The first set of human remains emerges – a body in a barrel. The skull had a bullet hole in the head and the clothes were from the 1970s or 80s, leading investigators to believe the person was a victim of a mafia hit. A murder inquiry has been opened.

The first set of remains were found in a barrel

MAY 7:

The second set is found, at Callville Bay. A man living in Spain believes it could be his father, who died in a speed boat accident in the area in 1958. But on August 23 the body is confirmed to be that of Thomas Erndt, 42, who died while swimming in the lake on August 8, 2002. His daughter says they are glad for the closure.

JULY 25:

A third set of human remains is found at Swim Beach.


A fourth set of remains is found at Swim Beach. Shortly after, the coroner says they believe the fourth and third sets of remains could be the same person.


A fifth set of remains is found at Swim Beach.

Some of those who perished in the lake may be untraceable, as DNA sampling is a relatively new invention.

Police in Las Vegas are trawling their records of unsolved missing person cases, and have taken DNA from several families to see if answers can be found.

The most recent set of remains to emerge – the fifth – was on August 15, at Swim Beach.

The third and fourth sets of remains were also been found at Swim Beach.

Last week the coroner said those two sets of remains could be from the same person.

It is not yet known if this fifth set is also the same person as the third and fourth.
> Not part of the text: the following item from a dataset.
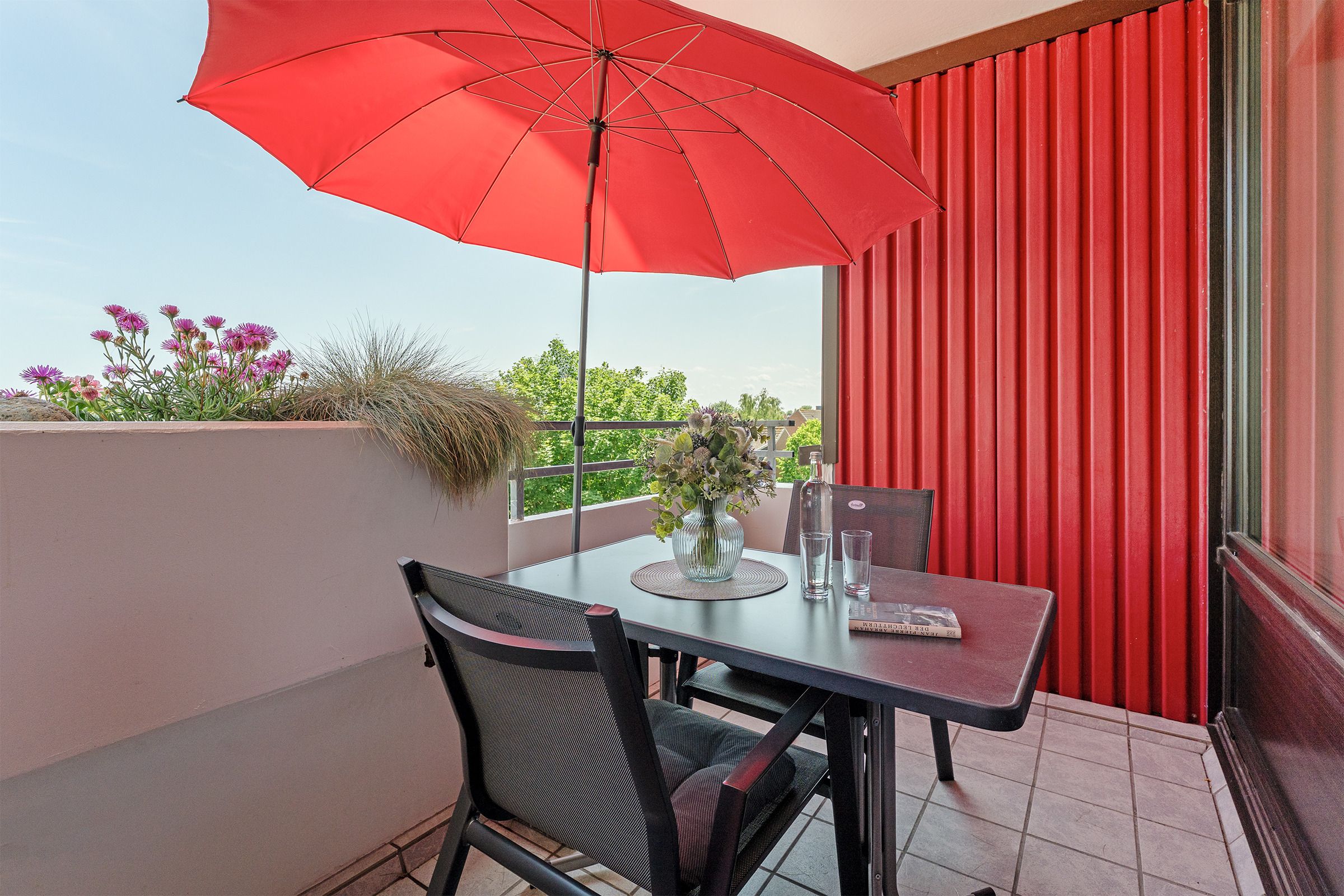 Ein PKW-Tiefgaragenstellplatz ist für Sie reserviert (max. 185 cm Durchfahrtshöhe). Die Nutzung des Hallenbades, der drei Gemeinschafts-Dachterrassen mit Meer- und Landblick sowie des Tischtennisraumes sind für Sie selbstverständlich kostenlos. Ihre mitgebrachten Fahrräder können Sie in einem der 2 Kellerräume in Haus A oder in dem Fahrradraum im Erdgeschoss zwischen Haus A und B abstellen. In Haus D befindet sich auf den Etagen 1 - 4 je ein Gemeinschaftswaschraum mit Waschmaschine und Trockner (gegen Gebühr/Münzgeräte).

The discoveries have prompted speculation about long-unsolved missing person and murder cases dating back decades – to organized crime and the early days of Las Vegas, which is just a 30-minute drive from the lake.

The drop in the lake level comes while a vast majority of peer-reviewed science says the world is warming, mainly because of rising levels of carbon dioxide and other greenhouse gases in the atmosphere.

Scientists say the U.S. West, including the Colorado River basin, has become warmer and drier in the past 30 years.

About 40 million people rely on the Colorado River as their water supply, with Lake Mead and Lake Powell serving as the area’s primary reservoirs.

According to NASA, water levels in Lake Mead are their lowest level since 1937. As of July 18, 2022, the lake was filled to 27 percent capacity.

In June, Ann Willis of the Center for Watershed Science told the Washington Post: ‘In the last 1,200 years, we haven’t seen a period as dry as right now.

‘We’re really hitting new lows in terms of how extreme the conditions are.’

Lake Mead once sat 1,200 feet above sea level.

But after more than two decades of drought, it was at only 1,040 feet above sea level in July – its lowest level since filling in the 1930s.

It is currently falling about 12 inches every week.